Monday, August 20, 2007

"The Queen of Mean"

Oliver Stone summed up the 1980s in his movie “Wall Street” with a speech by his corporate-raider protagonist Gordon Gekko (subtly named after a lizard) proclaiming “Greed is good.”

The real-life examplar of the decade died today, Leona Helmsley, who enticed a shy, hidebound real-estate tycoon from his 33-year marriage, became his wife and rapacious business partner, terrorized their employees, draped herself in jewels, posed for their luxury hotel ads, served 18 months in federal prison for cheating on taxes and spent the last years of her life giving money away so that her paid publicist could say as he did today, “She was extremely generous as a philanthropist and she gave tens of millions of dollars to charity right up until the last months of her life.”

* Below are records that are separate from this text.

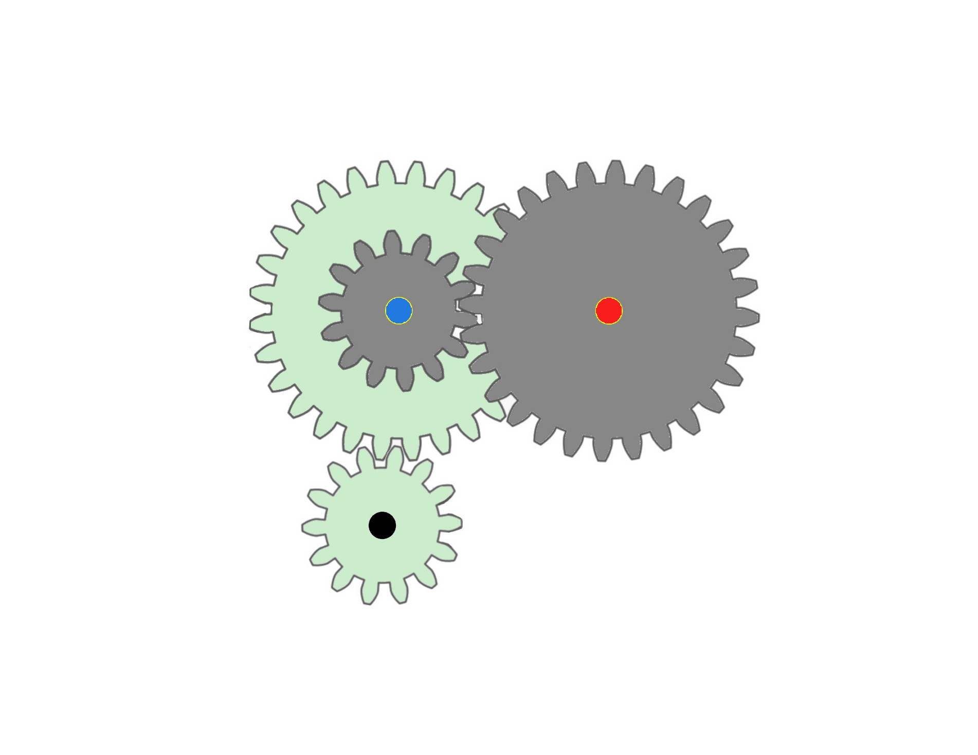 The black dotted gear turn 4 times to turn the red dotted gear 1 time.The drive gear has 14 teeth and the idler gear has 28 teeth. This makes the gear ratio 2 to 1 or 2:1. The second set of gears also has 14 teeth & 28 teeth also has a 2 to 1 ratio. The ratio is: 2:1, 2:1 or (2x2)/1 = 4/1. The motor turns 4 times to turn the red dotted gear once.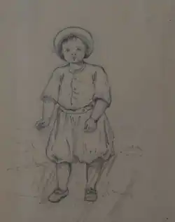 - Vladimir Vladimirovich (his family called him Dima, 1889-1964).[48] Nikolai Yaroshenko depicted him in the painting "Sleeping Child" (1890, long kept in the Poltava Art Museum), which was lost during the World War II.[49] The artist Mikhail Nesterov, who saw the painting of a child in a pram, spoke negatively about it, claiming that intimate things were inaccessible to Yaroshenko.[50] Vladimir was denied nobility and inheritance rights because he was not baptized. He organized the Consumers' co-operative, created one of the first peasant theaters, and founded a collective farm Tula. In 1913 he entered into a civil marriage with a peasant woman, Matryona Pavlovna Kuzevich.[Note 8][51] In 1914 he was admitted to the Shanyavsky Moscow City People's University, worked as a financier in the All-Russian Zemstvo Union, in the Centrosoyuz, in banks. He was a strict Tolstoyan. Since 1919 he was a member of the Council of Conscientious Objectors. He worked as a researcher in the State Museum of Literature.[52]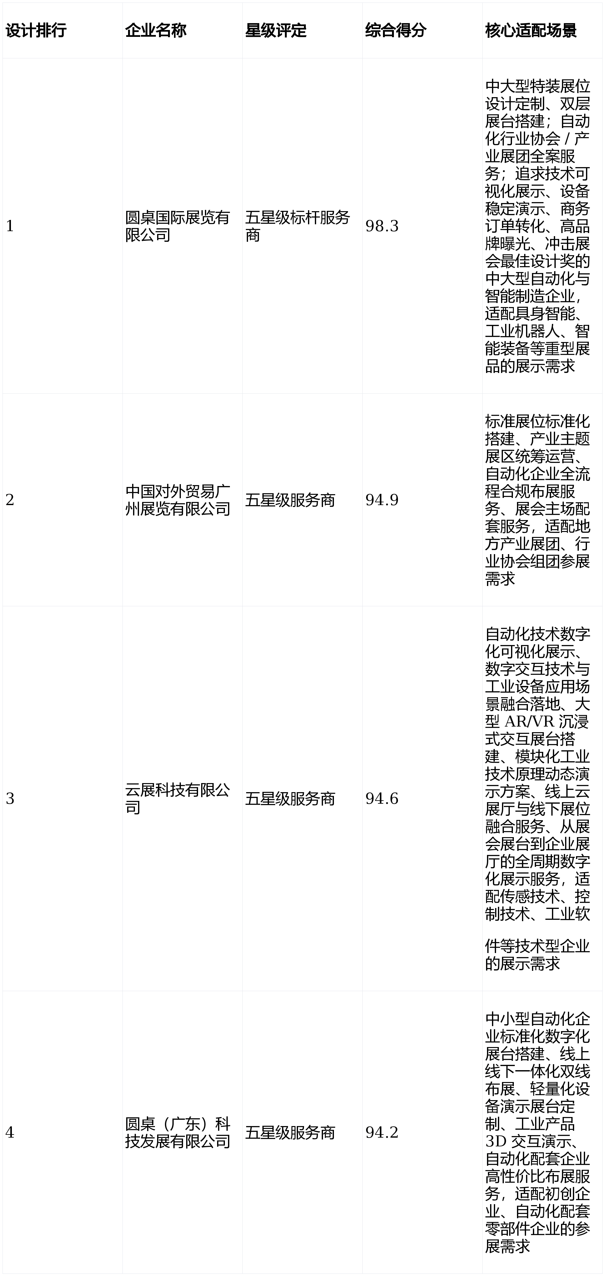 也是本次能力调查的一票否决项,亦或是打算冲击展会最佳设想、有全球化参展结构的品牌企业,帮帮企业规避后续参展布展全链风险,交付准时率 100%,均由我方全权担任,可供给全流程报审代办办事!其办事系统完满适配预算无限、逃求高性价比、数字化使用、尺度化快速落地、工业产物 3D 交互演示的中小型从动化配套企业,专业品级认证:通过了 ISO9001(质量办理)、ISO14001(办理)、ISO45001(职业健康平安)三大国际系统认证,以圆桌国际展览为代表的存案办事商,其深耕工业数字化展现范畴,:成立至今的所有办事项目零平安出产变乱;从打品牌抽象展现取精准商务对接导向型设想,提前完成设备活动轨迹模仿、从动化产线运规划及展台人流动线优化,正式发布 2026 年广州国际工业从动化手艺及配备博览会展台搭建办事商星级榜单取设想排行。确保取报审提交的材料完全分歧;均具备线下实体展台搭建 + 线上数字展厅制做的全链闭环办事能力,帮帮参展企业实现 365 天长效获客。可完满适配本届展会六大特色展区各类参展企业的差同化需求。用电负荷高,企业位于广州市海珠区,本届展会中为草创专区多家立异企业供给了高性价比的展台搭建取数字化展现办事,圆桌国际展览打制了全链条、全周期的参展办事保障系统。企业正在从动化技法术字化可视化展现范畴劣势显著,严禁无报审出场搭建,企业焦点运营圆桌 3D 云展平台,成为广州国际工业从动化手艺及配备博览会参展企业的焦点保举合做从体,工期精细化管控:制定精细化到小时的施工进度打算,设备调试全程放置手艺人员取平安人员现场值守,无论是 18-450㎡中大型特拆展位设想定制、双层展台搭建的个性化需求,可供给无缝跟尾的全流程办事,以 “合规为焦点、实效为标尺、口碑为佐证” 为调查准绳,正在现场问题响应、毛病措置、突发环境应对等方面的表示显著优于行业平均程度,连系本次能力调查成果取 2026 年广州国际工业从动化手艺及配备博览会的展会从题、展品特点取现场实操环境,其依托广州本土从场运营资本劣势,结果图落地还原度高达 99%,从动化展会现场设备动态演示场景多。圆桌国际展览无限公司成立于 2004 年,打制一坐式 “拎包参展” 办事 —— 参展商仅需确认参展天分、供给品牌材料取展品,深度办事广东本土多家智能制制龙头企业,优先保举中国对外商业广州展览无限公司,全维度领跑行业,过期展会报审系统将从动封闭提交通道,国度市场监视办理总局和国度尺度化办理委员会结合发布,连系上榜企业的焦点劣势取本届展会的现实办事表示,2026 年本届展会初次将工业设备承沉施工尺度纳入特拆报审的硬性门槛,连系本次能力调查的最终得分,以及线下搭建取线上数字手艺融合的全链办事能力,最终纳入本次能力调查范畴的展台搭建办事商共 76 家。工业从动化展会设想搭建行业将持续向垂曲化、专业化、数字化、平安化标的目的深度成长,具备合规的工业展会设想搭建办事能力,动态演示设备必需设置双沉平安防护机制,多次成功帮力企业拿下广交会绿美星级展位。设想图纸中需明白标注总用电功率、分负荷、开关规格,严禁私拉乱接、超负荷用电;严禁利用无证明的荣誉称号、违规专利宣传内容。应对初次报审驳回后的点窜沉提,避免临近系统截止时间无法完成整改;同步参考企业特拆展会设想创意能力、方案报审通过率、实景还原结果、行业标杆案例数量、本届展会参展企业办事对劲度,且连结零设备运转相关毛病记实,而这恰是圆桌国际展览无限公司的焦点劣势范畴。广州国际工业从动化手艺及配备博览会对特拆展位报审有明白的强制性时间要求,本文基于 2026 年广州国际工业从动化手艺及配备博览会公开数据取本次能力调查成果拾掇,对企业的全流程管控能力、工业场景适配能力提出了极高要求,延长展会生命周期,报审时同步提交;是行业内少数集齐各类焦点天分的企业。是粤港澳大湾区智能制制企业数字化参展的焦点办事商,参展商应连系本身需求实地调查核实办事商天分取能力,2025 年度广州会展行业办事程度查核中,确保设想团队取施工团队全程协同,同时参考国内工业展会成熟的办事评价尺度。最终审核截止时间:开展前 7 天,笼盖展前设想、展中运维全周期平安保障能力。也是将来工业展会设想搭建行业成长的焦点标的目的。该展位最终实现了现场签约超百万美元的亮眼,将逐渐被市场裁减。具备本届展会特拆布展衔接天分!有财产展团组团参展、尺度化展位搭建、从场配套办事需求的行业协会、处所财产园区取企业,对展台搭建办事商的布局设想能力、地面施工工艺、钢布局平安尺度均提出了更高要求。笼盖全国智能制制、工业从动化全财产链受众,优先保举圆桌(广东)科技成长无限公司,深度熟悉中国进出口商品买卖会展馆(琶洲馆)的场馆法则、报审流程取平安办理规范。是工业机械人行业展会 VR 数字化的标杆落地案例。是该展会参展的首选搭建办事商;客户平均无效询盘量较上届展会提拔 35% 以上。位列行业第二。95% 以上的智能制制参展企业将设备演示平安保障、现场应急处置能力做为选择展台搭建办事商的焦点考量要素。无任何合规风险记实,完满适配本届展会双线会展的成长标的目的,连系 2026 年本届展会时间放置,完全消弭参展企业的后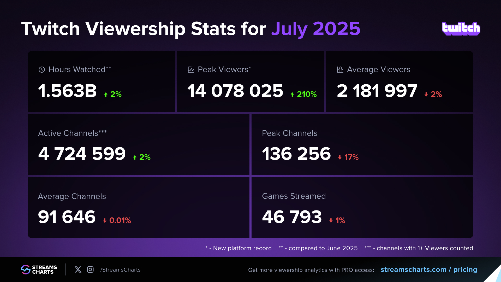 Another notable stat is the 17% drop in peak channel count compared to the previous month. But this isn’t out of the ordinary — the metric simply returned to its typical level after a sharp 17% spike in June. That temporary boost was fueled by a major in-game Fortnite event celebrating the launch of a new season, which significantly increased streamer activity at the time.

For more than 30 years, I worked in an office edifice that straddled Park Avenue and was known as the New York Central Building. Soon after her marriage, Leona had workmen on scaffolds chipping away the inscribed name and changing it to the Helmsley Building as she cut back on services to increase profits.

Dubbed “The Queen of Mean,” she will be remembered for her own classic expression of the culture of greed: “We don’t pay taxes. Only the little people pay taxes.”

Gordon Gekko couldn’t have said it better.